Data below:

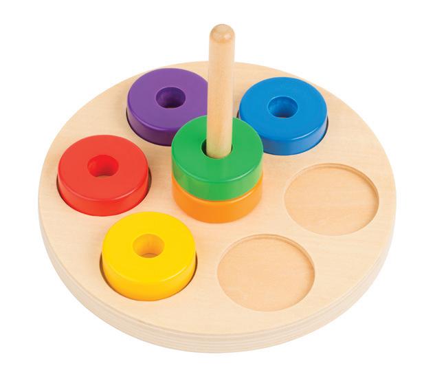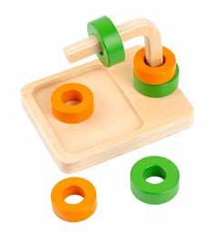 With ‘Stack the Ring’, practice fine motor skills and eye-hand coordination while the children must slide the rings on the pin. In addition, the child is introduced to the mechanism of cause-effect and to different colors.
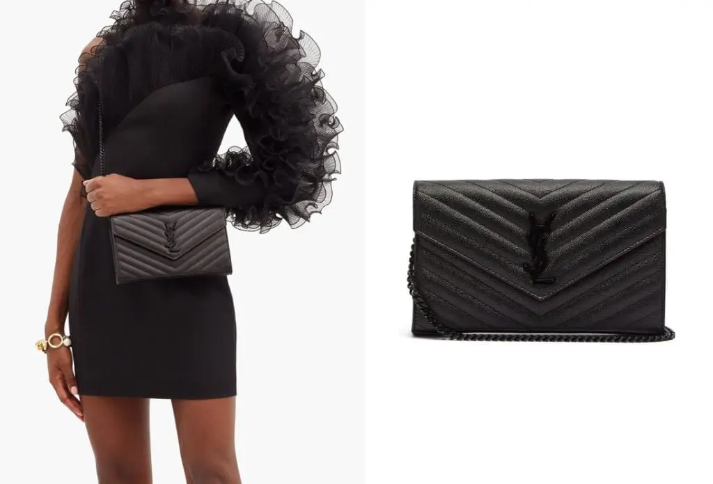 SAINT LAURENT Chain-strap quilted grained-leather shoulder bag 黑色WOC信封包,折扣後加關稅約2萬8台幣(台灣網路查大約4萬3喔)約台灣66折
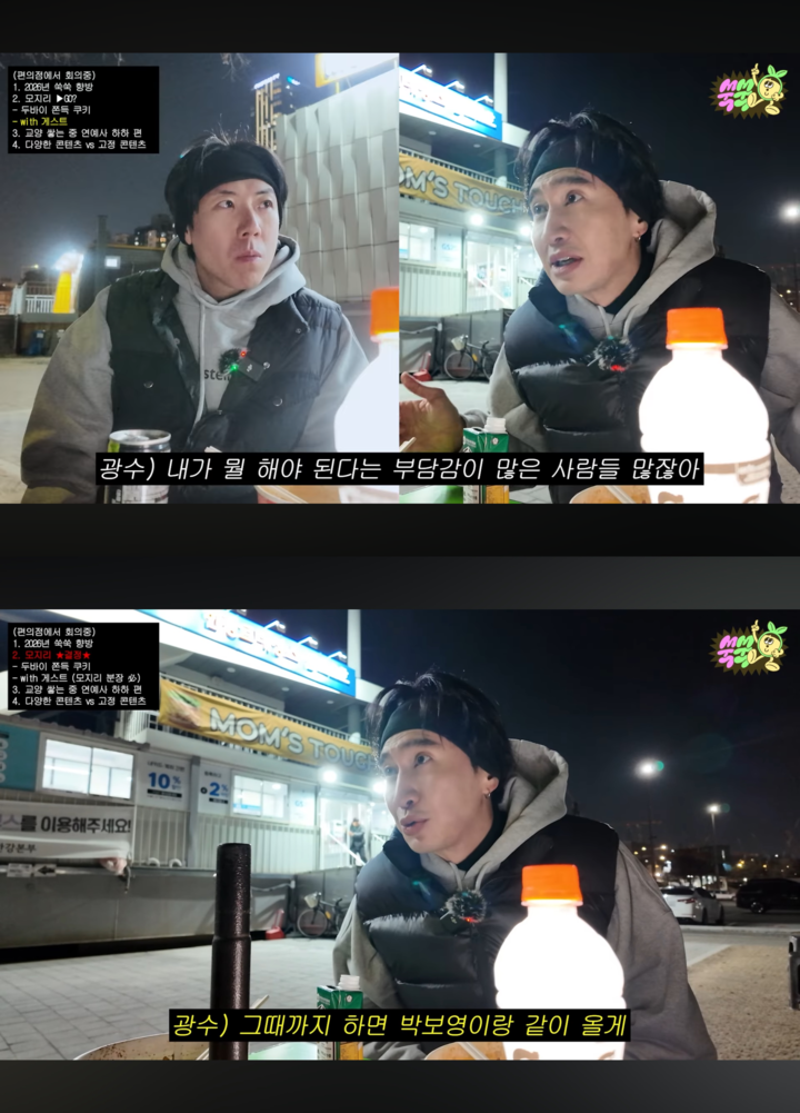 (MHN 김설 기자) 배우 이광수가 엉뚱하고 파격적인 예능 기획안으로 절친 양세찬을 당황케 했다. 지난 24일 유튜브 채널 ‘쑥쑥’에 공개된 영상에서는 주인장 양세찬과 이광수가 한
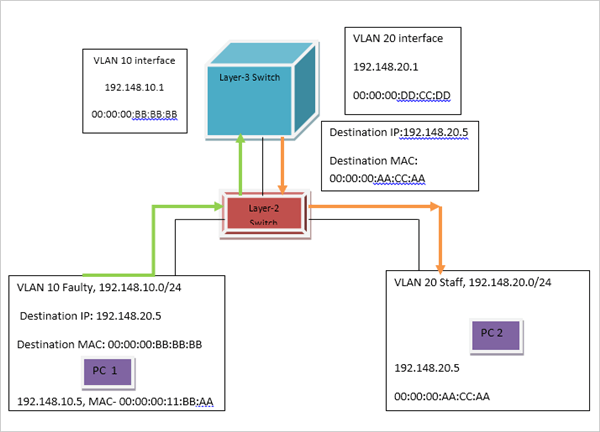下图显示了三层交换机与二层交换机相结合的跨 VLAN 路由操作。在大学中,教职员工和学生的 PC 通过二层和三层交换机连接在不同的VLAN上。

Task description:
Produce an exact copy of the lines from the line containing "(MHN 김설 기자)" to the end of the material, both ends included, and omit every picture.

Reply:
 (MHN 김설 기자) 배우 이광수가 엉뚱하고 파격적인 예능 기획안으로 절친 양세찬을 당황케 했다. 지난 24일 유튜브 채널 ‘쑥쑥’에 공개된 영상에서는 주인장 양세찬과 이광수가 한
下图显示了三层交换机与二层交换机相结合的跨 VLAN 路由操作。在大学中,教职员工和学生的 PC 通过二层和三层交换机连接在不同的VLAN上。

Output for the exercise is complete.